Question

Juhi sells a washing machine for Rs. 13, 500. She loses 20% in the bargain. What was the price at which she bought it?

Answer 1

Hint: Assume the cost price to be x and then use the condition that 20% of cost price when reduced from the cost price i.e. ‘x’ you will get the selling price. By simplifying this equation you will get your final answer.

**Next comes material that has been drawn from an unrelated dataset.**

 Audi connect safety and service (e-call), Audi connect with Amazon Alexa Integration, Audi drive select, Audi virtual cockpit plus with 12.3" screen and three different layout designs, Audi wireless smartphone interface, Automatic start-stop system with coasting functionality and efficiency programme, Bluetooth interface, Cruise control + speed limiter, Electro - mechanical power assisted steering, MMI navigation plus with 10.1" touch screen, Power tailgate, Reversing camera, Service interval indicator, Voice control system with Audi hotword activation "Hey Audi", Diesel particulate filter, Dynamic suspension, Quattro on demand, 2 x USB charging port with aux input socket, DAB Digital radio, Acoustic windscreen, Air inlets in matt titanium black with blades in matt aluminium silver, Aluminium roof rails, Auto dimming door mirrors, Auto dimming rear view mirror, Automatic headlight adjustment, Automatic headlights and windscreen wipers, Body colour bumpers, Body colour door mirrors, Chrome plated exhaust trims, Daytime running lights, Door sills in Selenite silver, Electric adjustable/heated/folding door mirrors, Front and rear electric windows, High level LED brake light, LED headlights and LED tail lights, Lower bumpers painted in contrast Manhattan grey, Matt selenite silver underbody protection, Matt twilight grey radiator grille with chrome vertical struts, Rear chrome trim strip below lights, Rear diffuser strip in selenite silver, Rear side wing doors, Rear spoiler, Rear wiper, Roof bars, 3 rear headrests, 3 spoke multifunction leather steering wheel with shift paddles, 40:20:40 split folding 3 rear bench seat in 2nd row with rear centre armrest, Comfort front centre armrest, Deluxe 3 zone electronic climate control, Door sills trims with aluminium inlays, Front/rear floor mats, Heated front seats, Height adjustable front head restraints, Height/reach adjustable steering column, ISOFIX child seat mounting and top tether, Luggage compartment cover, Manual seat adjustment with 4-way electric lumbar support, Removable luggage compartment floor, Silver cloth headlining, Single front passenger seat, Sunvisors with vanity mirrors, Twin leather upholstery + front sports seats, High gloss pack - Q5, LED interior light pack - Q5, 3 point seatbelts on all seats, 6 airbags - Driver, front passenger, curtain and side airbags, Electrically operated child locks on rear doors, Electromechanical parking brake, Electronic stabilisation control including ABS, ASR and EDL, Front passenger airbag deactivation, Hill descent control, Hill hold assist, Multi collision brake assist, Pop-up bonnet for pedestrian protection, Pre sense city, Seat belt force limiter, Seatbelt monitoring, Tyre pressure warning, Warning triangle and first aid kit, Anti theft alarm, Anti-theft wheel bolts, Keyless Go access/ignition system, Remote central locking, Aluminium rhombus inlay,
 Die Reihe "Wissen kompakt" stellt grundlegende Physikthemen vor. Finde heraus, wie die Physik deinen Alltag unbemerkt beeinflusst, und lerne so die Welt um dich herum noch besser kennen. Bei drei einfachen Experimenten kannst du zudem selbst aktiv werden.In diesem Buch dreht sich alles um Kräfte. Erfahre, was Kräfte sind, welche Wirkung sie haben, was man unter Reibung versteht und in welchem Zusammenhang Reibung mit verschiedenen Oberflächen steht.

Complete step-by-step answer:
As Juhi sold the washing machine at Rs. 13, 500 therefore the selling price will become,
SP = Rs. 13,500 …………………………………………………… (1)
We will assume the cost price of the washing machine as ‘x’, therefore
CP = x ………………………………………………………………………… (2)
As per the given condition, Juhi loses 20% cost while selling the washing machine i.e. when 20% of the cost price is reduced from the cost price; we will get the value of selling price. Therefore 20% of the cost price can be given as,
20% of the cost price = 20% (CP)
If we put the value of equation (2) in the above equation we will get,
20% of the cost price = 20%(x)
Therefore, 20% of the cost price = $\dfrac{20}{100}x$ ………………………………………………………… (3)
Now, as per the condition we have mentioned earlier, if we reduce 20% of CP from CP it will give us the SP therefore we can write,
CP – 20% of CP = SP
If we put the values of equation (1), equation (2) and equation (3) in the above equation we will get,
 $x-\dfrac{20}{100}x=13500$
Taking ‘x’ common from the above equation will give,
$\therefore x\left( 1-\dfrac{20}{100} \right)=13500$
If we subtract the term $-\dfrac{20}{100}$ from ‘1’ in the above equation we will get,
$\therefore x\left( \dfrac{100-20}{100} \right)=13500$
By simplifying the above equation we will get,
$\therefore x\left( \dfrac{80}{100} \right)=13500$
Further simplification in the above equation will give,
$\therefore x\left( \dfrac{8}{10} \right)=13500$
By shifting $\dfrac{8}{10}$ on the right hand side of the equation will give,
$\dfrac{20}{100}CP$
$\therefore x=\dfrac{135000}{8}$
Therefore, x = Rs. 16875
Therefore the value of the cost price of the washing machine is equal to Rs. 16875.

Note: During exam there is chance of silly mistake that you can take only $\dfrac{20}{100}$ in place of $\dfrac{20}{100}CP$ or sometimes you add this value in CP as you are in hurry, but do remember that it will lead you to the wrong answer.